2. Replaying the video:

When receiving a suspicious video or call, stay calm, hang up under the pretext of a bad signal, and immediately call back through other means to verify the person’s identity, avoiding an immediate response to potential scam content.

3. Asking keyword questions:

Set a "safety word" or "challenge question" that only friends, family, or colleagues would know. Use it to verify the identity of the caller when receiving suspicious communications. If the person cannot provide the correct safety word or avoids the question, hang up immediately and use a known safe contact method to confirm their identity.。

How Platforms Can Prevent Fraud

It is recommended that enterprises adopt multiple technologies and methods. Moreover, promoting the positive application of AI technology and severely cracking down on criminal activities is the fundamental solution.
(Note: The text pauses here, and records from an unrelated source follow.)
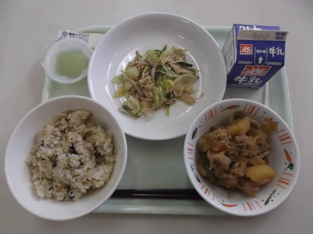 【牛乳・ツナと青菜の混ぜごはん・肉じゃが・キャベツとえのきの和え物・青りんごゼリー】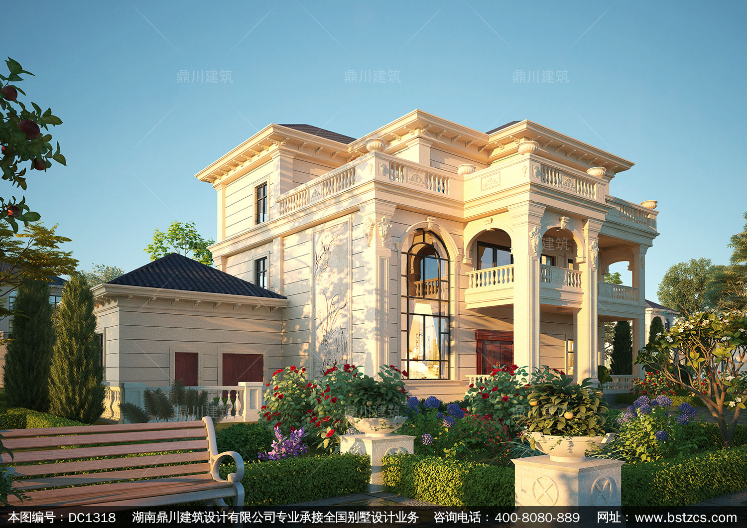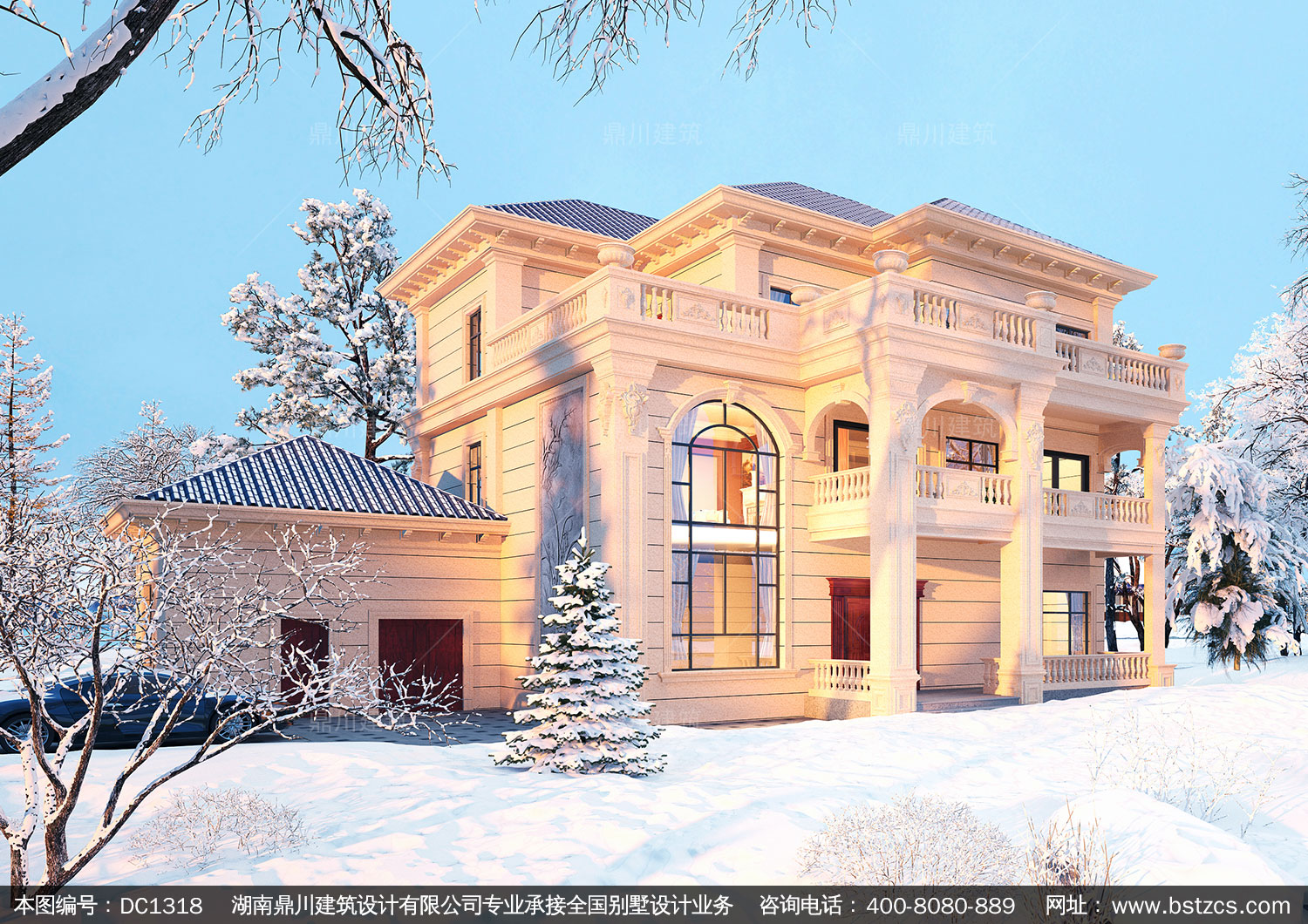 歐式三層帶車庫別墅施工圖紙及效果圖_農村自建別墅設計,鼎川建
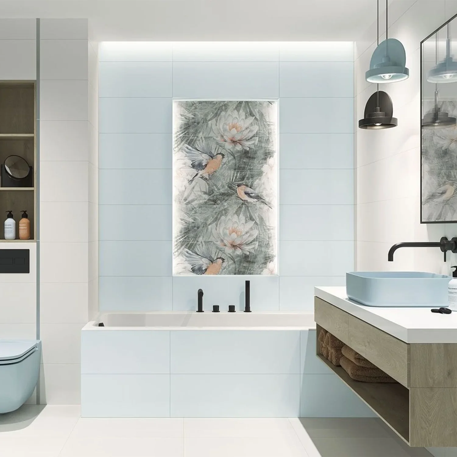 - Gaišas flīzes padara vannasistabas gaišas un plašas.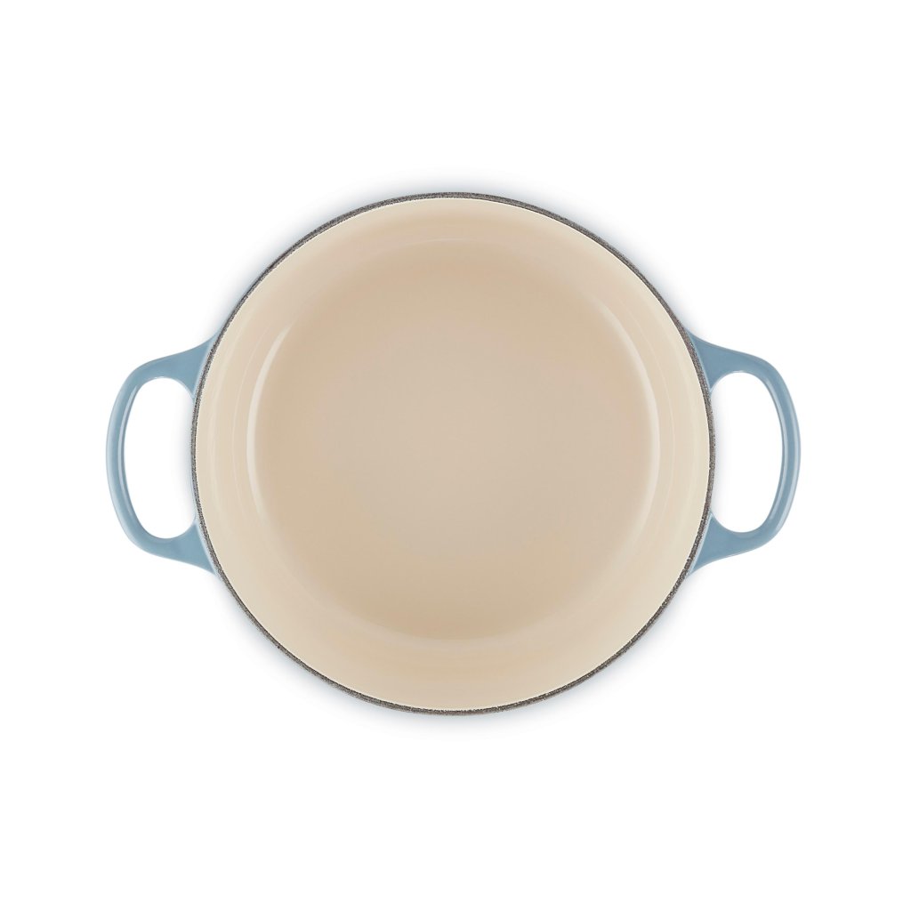 - Het iconische gietijzeren exemplaar casserole pan Le Creuset in de kleur CHAMBRAY is een culinaire klassieker die al meer dan een eeuw keukens over de hele wereld verrijkt.

1. Identifying suspicious devices:

Dingxiang Device Fingerprinting uses the recording and comparison of device fingerprints to distinguish legitimate users from potential fraudulent behavior. It uniquely identifies each device and detects maliciously controlled devices like virtual machines, proxy servers, and emulators. It also analyzes abnormal behaviors such as multi-account logins, frequent IP address changes, and device attribute modifications that deviate from normal user habits, helping to track and identify fraudsters.
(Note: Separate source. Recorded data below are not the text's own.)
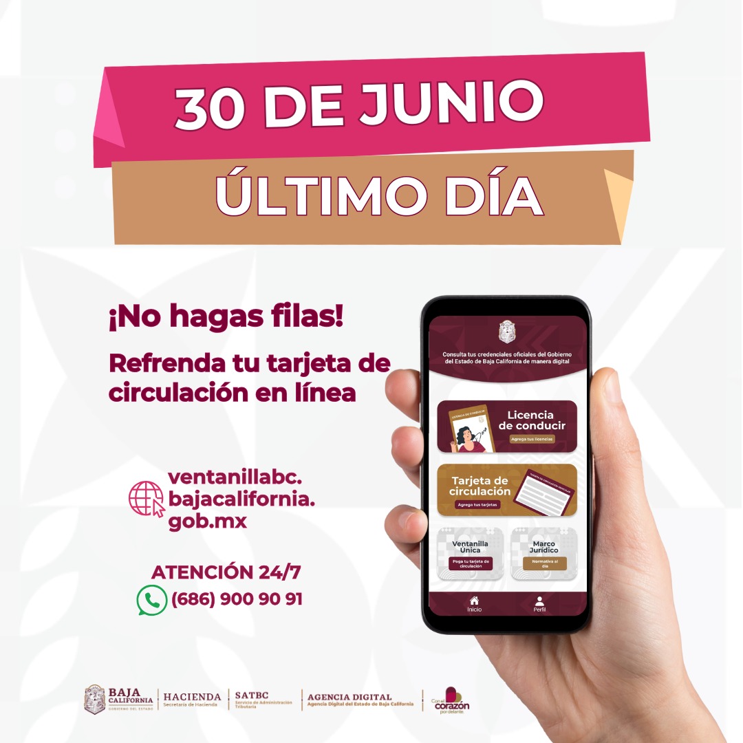 El Servicio de Administración Tributaria de Baja California (SAT BC), recuerda que el lunes 30 de junio vence el plazo para realizar el refrendo de la tarjeta de circulación, para las personas que cuentan con un vehículo modelo 2015 y años anteriores.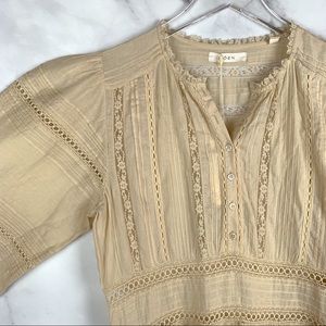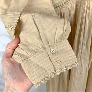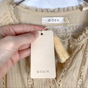 Brand new with tags sold out rare Dôen “Vicia” midi dress in “Sandstone.” Gorgeous feminine floral lace & cotton voile details. Button-down shirt style with button cuffs. Hidden side zipper. Please see all photos. Size S.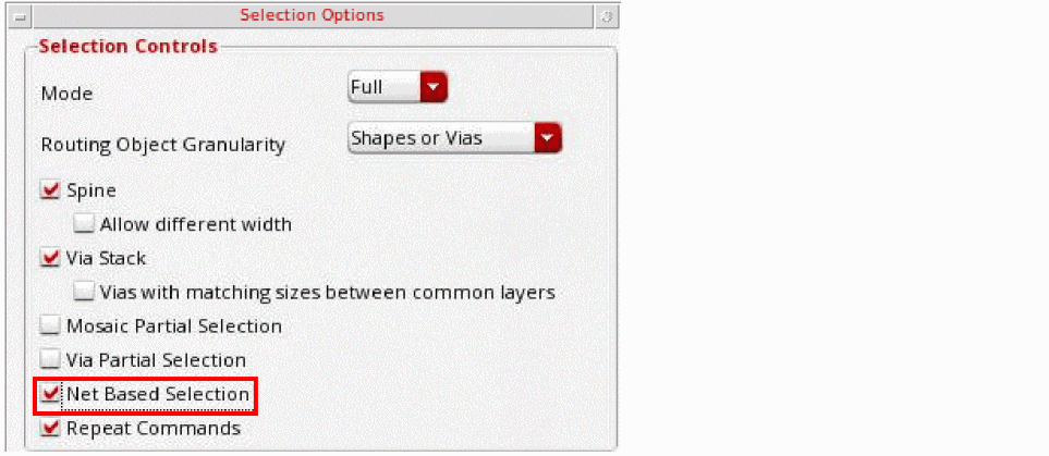 When you select the Reverse option on the Net Based Selection toolbar, shapes, vias, and instances with a net other than the net specified in the text field can be selected in the canvas. You can also use the environment variable

  1. Detecting suspicious account activity: For scenarios such as remote logins, device changes, phone number replacements, and sudden activity from dormant accounts, frequent verification needs to be enforced. Additionally, persistent identity verification during sessions is critical to ensure the user's identity remains consistent. Dingxiang's atbCAPTCHA quickly and accurately distinguishes whether the operator is human or machine, precisely identifying fraudulent activities and monitoring and intercepting abnormal behavior in real-time.
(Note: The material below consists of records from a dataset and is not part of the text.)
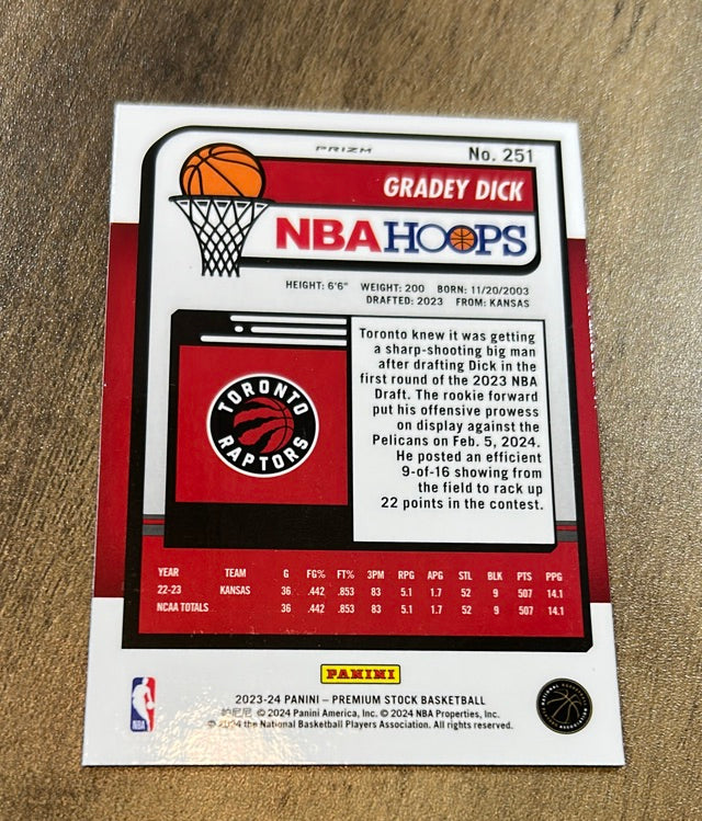 This 2023-24 Hoops Premium Stock Silver Prizm rookie card of Gradey Dick is a vibrant collectible for Raptors fans, featuring a stunning parallel in near mint condition. A must-have for NBA collectors!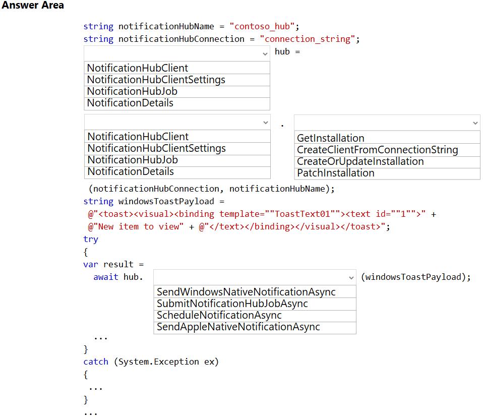 How should you complete the code segment? To answer, select the appropriate options in the answer area.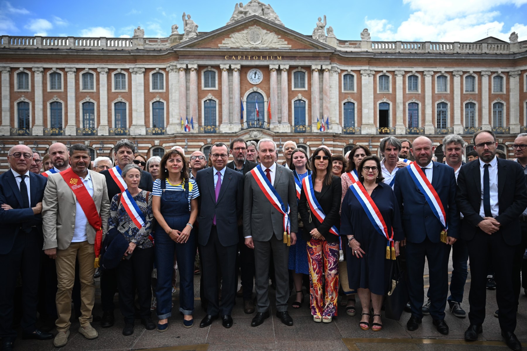 Le maire de Toulouse Jean-Luc Moudenc (C) pose avec des participants lors d'une action nationale à Toulouse, dans le sud de la France, le 3 juillet 2023 (Photo, AFP).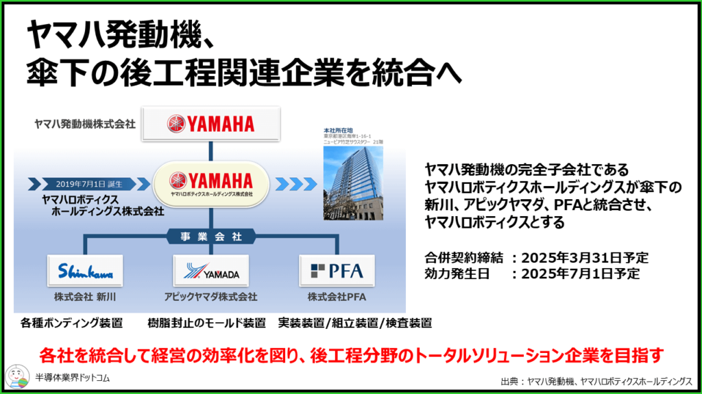 ヤマハ発動機は2/12、同社の完全子会社であるヤマハロボティクスホールディングス、およびその完全子会社である新川、アピックヤマダ、PFAの会社統合を行うと発表しました。

3. Preventing fake face-swapped videos:

Dingxiang's full-chain panoramic facial security threat detection solution uses multiple dimensions such as device environment, facial information, image forgery detection, user behavior, and interaction state for intelligent verification. It rapidly identifies over 30 types of malicious activities, including injection attacks, live body forgery, image forgery, camera hijacking, debugging risks, memory tampering, rooting/jailbreaking, malicious ROM, and emulators. Upon detecting fake videos, forged facial images, or abnormal interactions, it can automatically block operations. The system also allows flexible configuration of video verification intensity and user-friendliness, implementing dynamic mechanisms to strengthen verification for abnormal users while maintaining atbCAPTCHA for regular users.

4. Uncovering potential fraud threats:

Dingxiang’s Dinsight real-time risk control engine helps enterprises conduct risk assessments, anti-fraud analysis, and real-time monitoring, improving the efficiency and accuracy of risk control. Dinsight’s average daily processing speed is within 100 milliseconds and supports the configuration and accumulation of multi-source data. It leverages mature indicators, strategies, model expertise, and deep learning technology to achieve self-performance monitoring and self-iteration of risk control mechanisms. Paired with Dingxiang's Xintell intelligent model platform, the solution automatically optimizes security strategies for known risks, extracts potential risks from risk control logs and data, and allows one-click configuration to support risk control strategies in different scenarios. The solution standardizes complex processes such as data processing, feature derivation, and model building through deep learning, providing a one-stop modeling service from data processing to final model deployment.